### What the task requires
Exact copy, no pictures: take the lines of the listing below from the first through the one containing "Paraformaldehyde-fixed, paraffin embedded".

### Supplied data
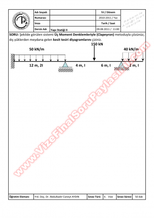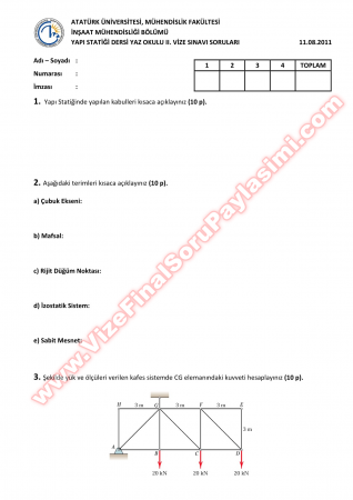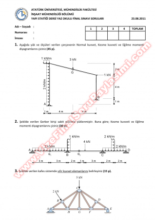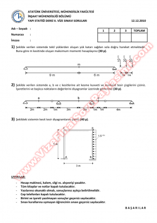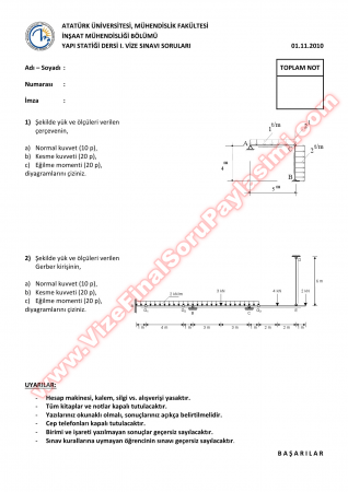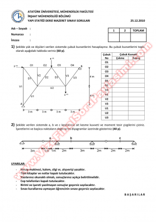 Vize ve Final Soruları / Erzurum Atatürk Üniversitesi / Yapı Statiği Dersi
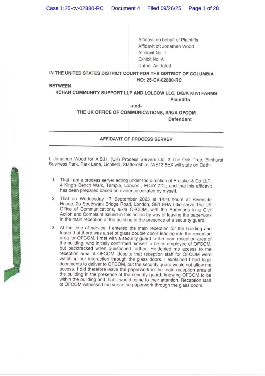 Ofcom has been SERVED in the case of 4chan, Kiwi Farms v. Ofcom
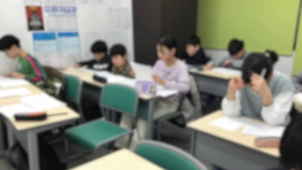 4科演習といわれる、週のテストにのぞむ小学5年生。
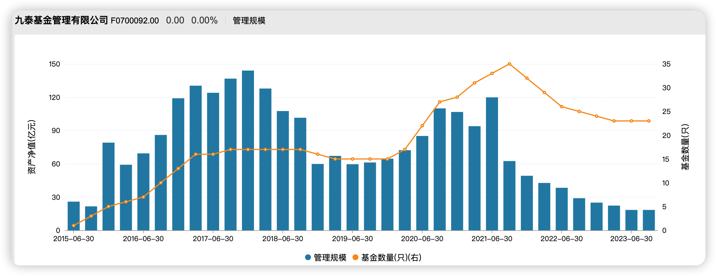 截至2023年三季度末,九泰基金的管理规模已大幅缩水,只有18.36亿元,但基金数量却增加到了23只。
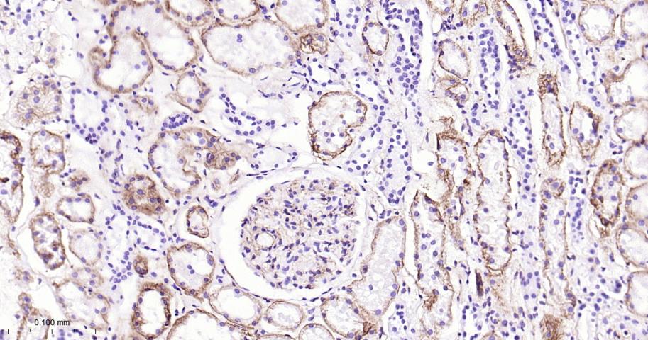 Paraformaldehyde-fixed, paraffin embedded Human Kidney; Antigen retrieval by boiling in sodium citrate buffer (pH6.0) for 15 min; The section was incubated with CDH6 Monoclonal Antibody, Unconjugated (bsm-61762R) at 1:200 overnight at 4°C, followed by conjugation to the bs-0295G-HRP and DAB (C-0010) staining.
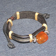 半透明上の赤茶色系の小石状のストーンビーズ(長さ18mm 幅14mm)をメインビーズとして中央部に、その両サイドにはに円盤状のシルバービーズ(幅3mm 直径7mm) が、のレザー革(幅約 11mm 厚さ約 3mm )のうえに、太さ約 2~3mm の紐で編まれています。
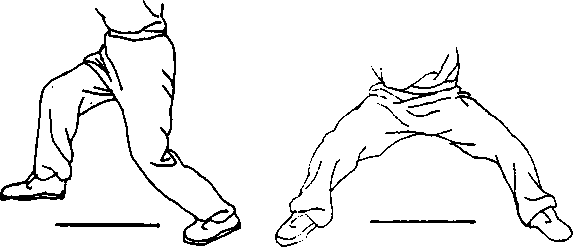 2- 马步:两脚左右开立,脚内侧的距离约等于身长的一半。脚
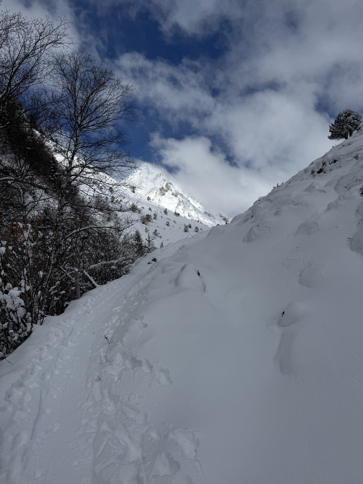 Au départ de Tarbes, toute la chaîne des Pyrénées était bien enneigée. Avec la neige annoncée pour la nuit, nous avons décidé de nous diriger vers le pic de la Montagnette.
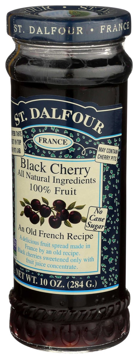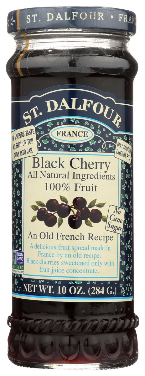St. dalfour black cherry fruit spread is made with non-gmo project verified ingredients and does not contain preservatives for a purer taste. we also avoid artificial colors and flavors. every 10 oz. jar is sweetened only with fruit juice concentrate, so you can savor the true flavors of the fruit. enjoy 14 servings per container.
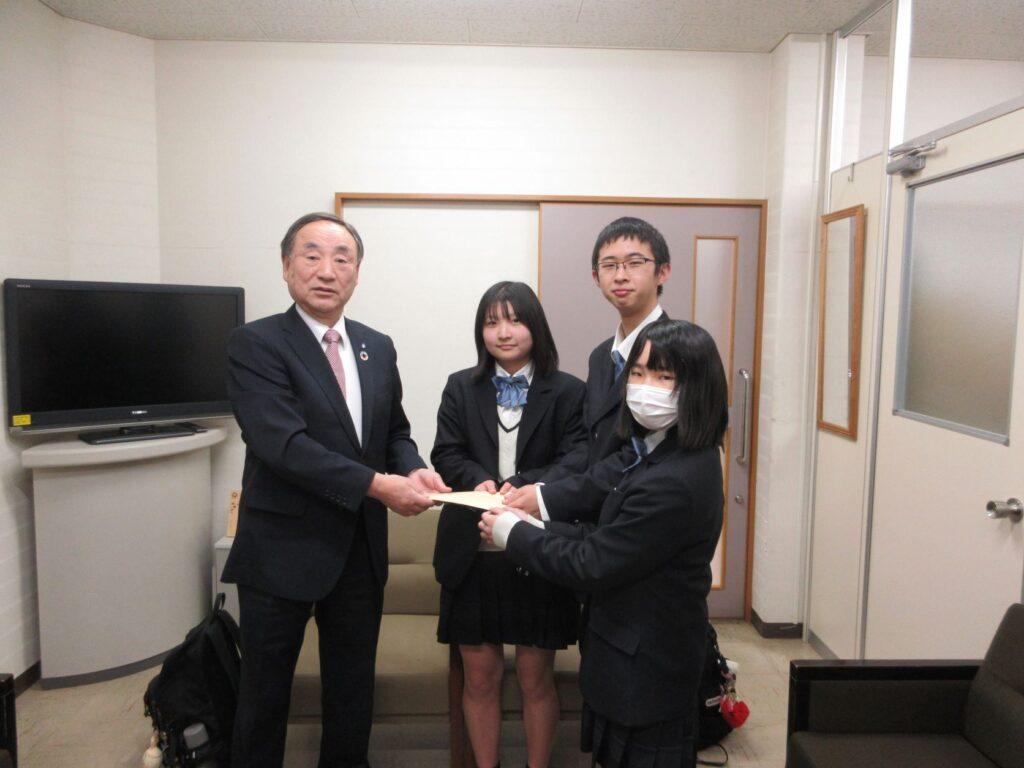 三船会長から感謝の言葉とお礼状をいただき、生徒たちは感謝されることに対する喜びを感じると同時に、地域貢献の1つの形を体験することができました。
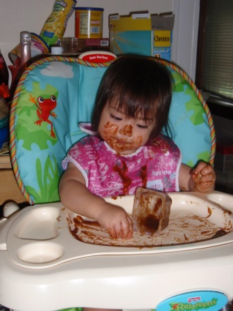 July 16, 2009: I am not sure where the apple-prune puree ends and Aurora begins! She is still trying to master
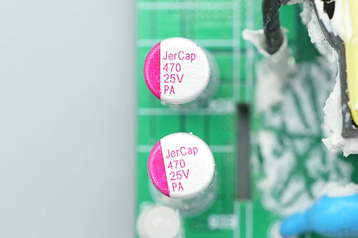 两颗固态滤波电容品牌为JerCap,规格均为25V470μF。
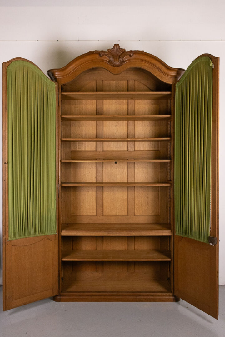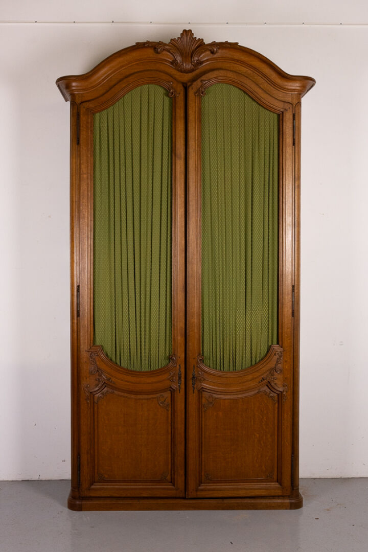 Bibliothèque en chêne massif mouluré, sculpté d'élégantes volutes feuillagées, les montants arrondis encadrent deux portes grillagées en partie haute et tendues de tissu vert. La corniche en accolade centrée d'une large coquille, piètement plinthe. Style Régence. Ébéniste Yvon PALAMOUR installé à Pluvigner (56) - Major de sa promotion à l'école Boulle. Haut. : 276 cm - Larg. : 153 cm - Prof. : 57 cm
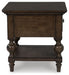 | Details | Made with hardwood solids, oak veneer and MDF substrate, Rich brown walnut finish with wood grain texture, Round metal knobs with antiqued bronze-tone finish, Drawer with fully finished interior, dovetail construction and ball-bearing side glides, Lower shelf, Assembly required | |
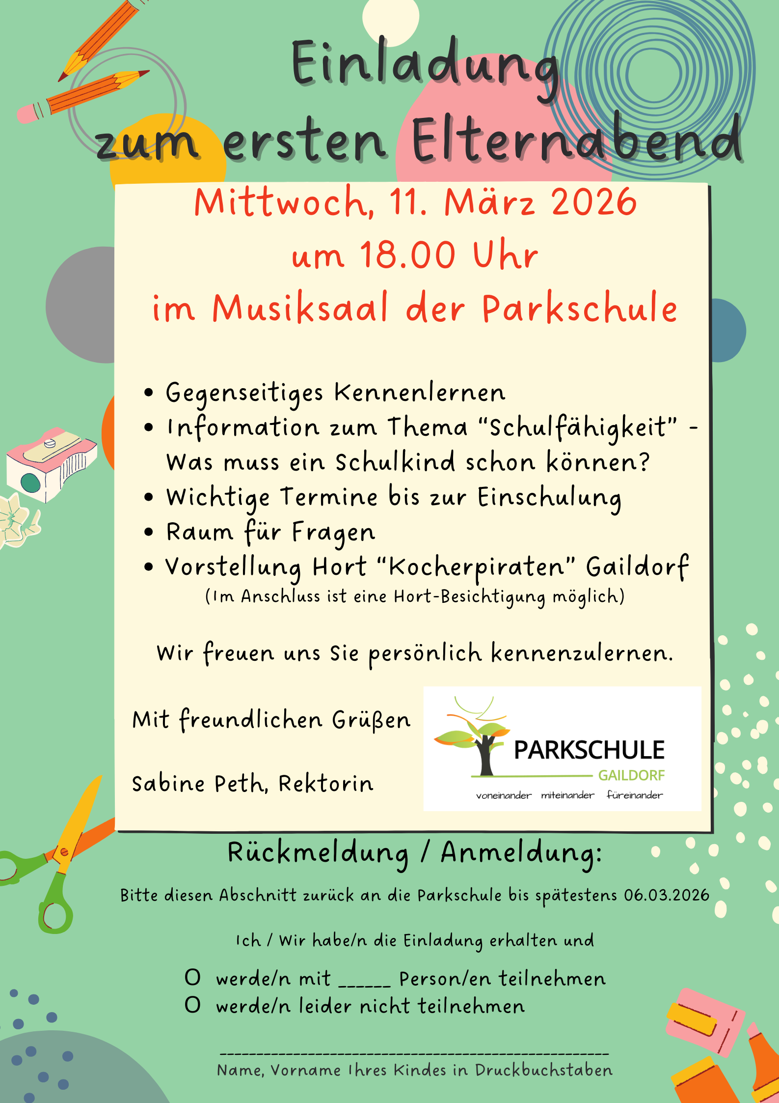 Erster Elternabend und gegenseitiges Kennenlernen um 18.00 Uhr |
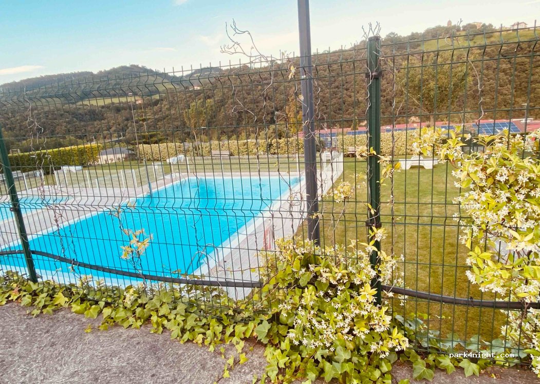 Joli camping, calme et bien entretenu, les sanitaires sont propres, deux machines à laver et deux sèche-linges à pièces sont un plus, jolie piscine, les emplacements impeccables tout est bien pensé, une petite alimentation pour les oublis est bien pratique, tout pour pouvoir se reposer lorsque l'on est sur la route. 20 € deux personnes, 1 camping-car, électricité comprise avec la carte Asci
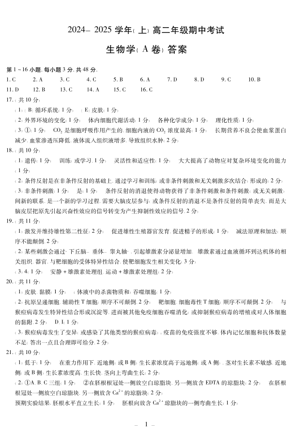 河南省部分学校2024-2025学年高二上学期11月期中考试 生物答案
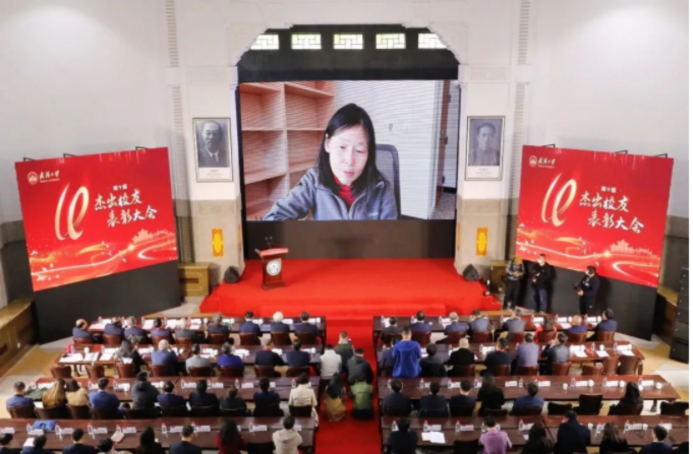 表彰大会上陈晓红校友发来视频感言:“当我得知自己获得杰出校友的荣誉时,我的脑海里浮现了许多美好的回忆。现在正是武大校园里樱花盛开的季节,我从前住的老斋舍就在樱花大道上。本科四年期间,我得到了许多老师和同学的支持和帮助,学到了许多有用的知识和技能,这些在后来都发挥了很大的作用,帮助我度过了许多学术生涯的挑战,让我在学术界能够取得一些成就。”陈晓红校友十分怀念和感恩在母校的学习生活。
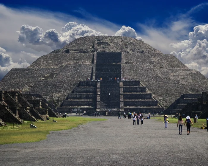 Next, the tour continues to one of Latin America's largest archaeological sites, the temple city of Teotihuacán, meaning 'The place where men become gods'. You'll walk along the 3 km long Avenida de los Muertos (Avenue of the Dead), where you'll see massive temples and pyramids, dating back as far as 200 BC, though built over an extended period. Notable highlights include the Temple of Quetzalcoatl, where more than 200 sacrificed war captives were discovered, as well as the Quetzalpapalotl Palace, the Moon Pyramid (60 m), and the Sun Pyramid (70 m), constructed in the city's centre atop a 100 m long cave, said to be where humanity was created.
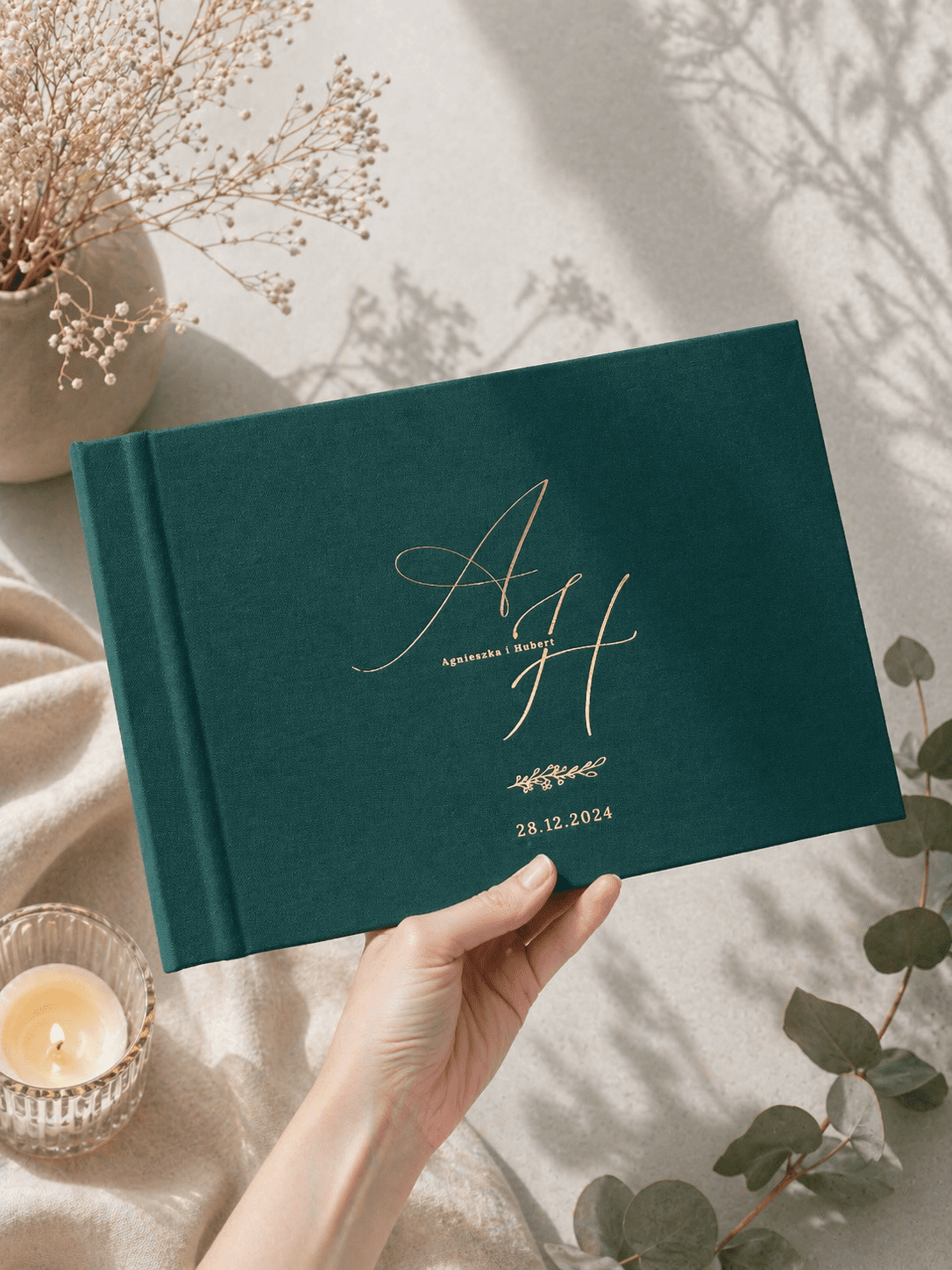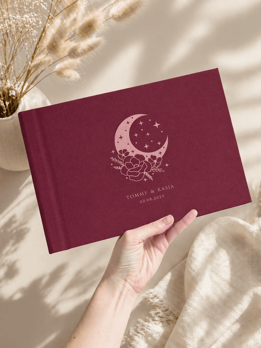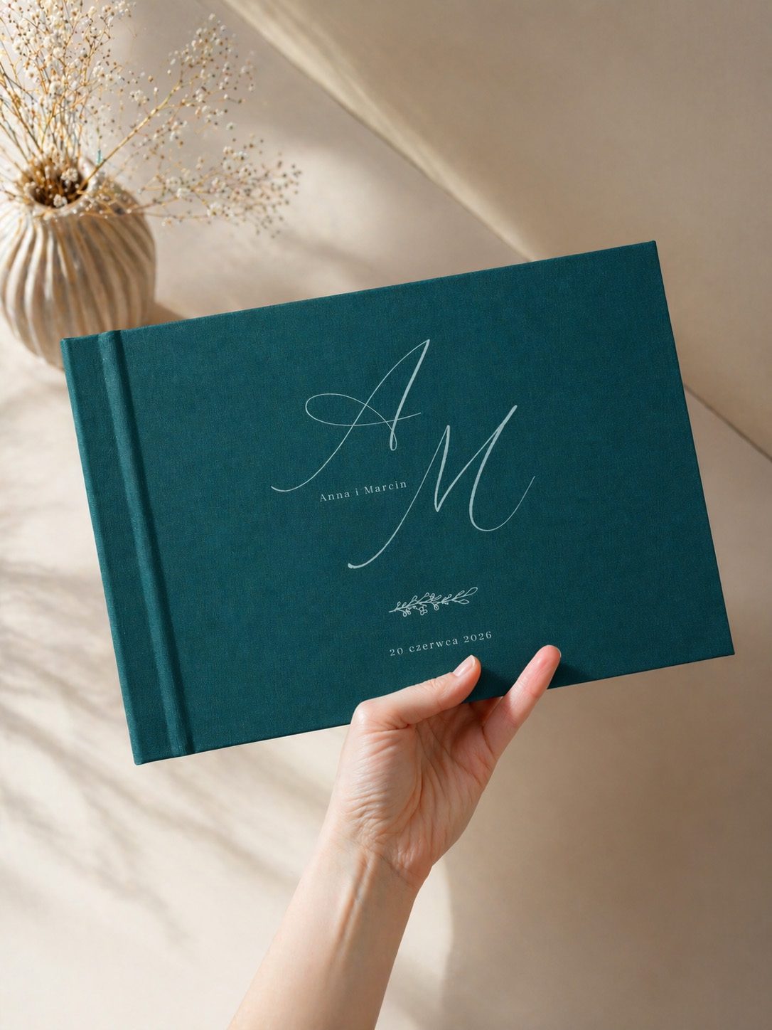 Każda księga tworzona jest indywidualnie na zamówienie. Dla każdego klienta projektujemy okładkę oraz pierwszą stronę księgi z dedykacją (dedykacja na pierwszej stronie opcjonalna). To Wy wybieracie kolor obicia, rodzaj materiału, ilość oraz kolor kart w środku!

### Exercise answer
 Vize ve Final Soruları / Erzurum Atatürk Üniversitesi / Yapı Statiği Dersi
 Ofcom has been SERVED in the case of 4chan, Kiwi Farms v. Ofcom
 4科演習といわれる、週のテストにのぞむ小学5年生。
 截至2023年三季度末,九泰基金的管理规模已大幅缩水,只有18.36亿元,但基金数量却增加到了23只。
 Paraformaldehyde-fixed, paraffin embedded Human Kidney; Antigen retrieval by boiling in sodium citrate buffer (pH6.0) for 15 min; The section was incubated with CDH6 Monoclonal Antibody, Unconjugated (bsm-61762R) at 1:200 overnight at 4°C, followed by conjugation to the bs-0295G-HRP and DAB (C-0010) staining.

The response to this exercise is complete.